Az önce ki ses neydi bilmiyorum ama.

Nedensizce bir tehlike seziyordum. Sanki etrafïmda binlerce yaratık durmuş bana saldırmak için en iyi vakti bekliyormuş gibi hissediyordum. Gergin hava ve sessizleşen ortam beni germişti. İki kız kendi aralarında bir takım konuşma gerçekleştirirken ben yanlızca gerginleşen havayı ve tehlikeyi soluyup. Etrafı kontrol ediyordum. Karanlık en savunmasız olduğumuz bir zamanda bizi avlıyordu.
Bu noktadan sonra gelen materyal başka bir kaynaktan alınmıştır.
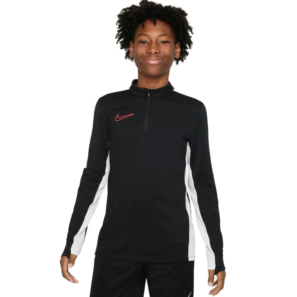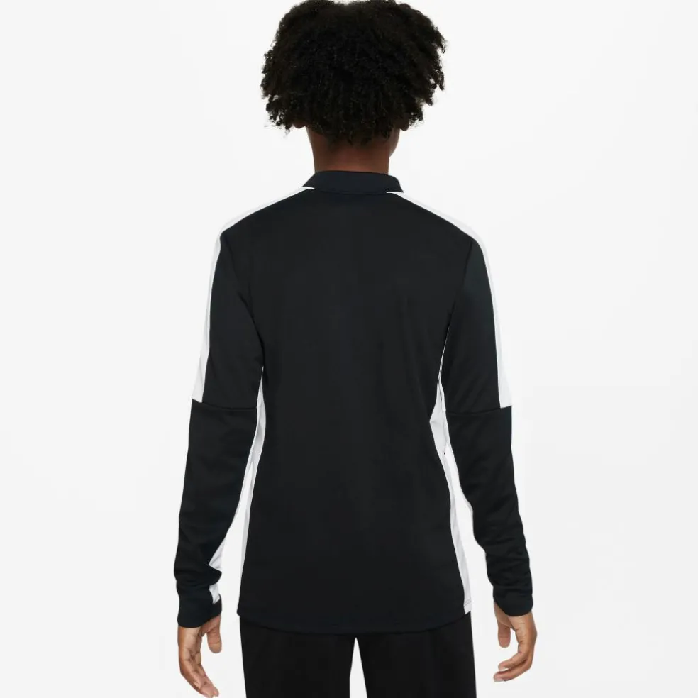 Het Nike Dri-FIT Academy 23 trainingsshirt voor kinderen heeft een strak design en het model zit strak langs het lichaam. De mouwen zijn voorzien van duimgaten en er is een rits op de borst aanwezig.

Karanlıkta silüetler seçmek zordu. Lakin gelen karanlık enerjilerini alabiliyordum. Nedensizce ayağa kalkarken. İkilinin bakışları beni bulmuştu. Sebepsiz yere huzursuz olmam bir şeye dayanıyordu. Buraya bu yer iç güdülerimi güçlendiriyordu.

"Ne oldu?" Diyen solna'ın korkmuş sesi beni kendime getirirken. Ejah'n söyledikleri kaşlarımı çatmama sebep oldu. "Çok garip. Büyü bir güçe sahip." Sanki bunları bana değilde kendi kendine söyler gibiydi. Anlamayarak. "Ne gücü?" Dedim sorduğum soruyla yerde sabit kalan bakışları beni buldu. Dudaklarını araladı. Fakat ağzından sözcükler dökülmeden. Arkamda bir şey görmüş gibi. Hışımla ayağa kalkınca. Ben ve solna da telaşla yerimizden kıpırdanıp.

"Bana bak seni kem gözlü kız sakın bana şimdi arkamda bir yaratığın olduğunu söyleme!" Dedim. Nefesim hızlanırken. "Yada dur. Söyle" Solna da benim yanımda arkasına bakmaktan korkuyor olacak ki. Bakışlarını ejah'tan çekmiyordu. Ejah'ın yüzü bembeyaz kesilmişti. İnanmıyor gibi gözlerini bir kaç kez kırpıştırıp. Daha sonra bir şeyleri yeni yeni idrak etmiş gibi. Gözleri hızla beni beni buldu. Ve. "Tuzak." Diye fısıldadı. Göz ucuyla etrafımı gözetlediğimde.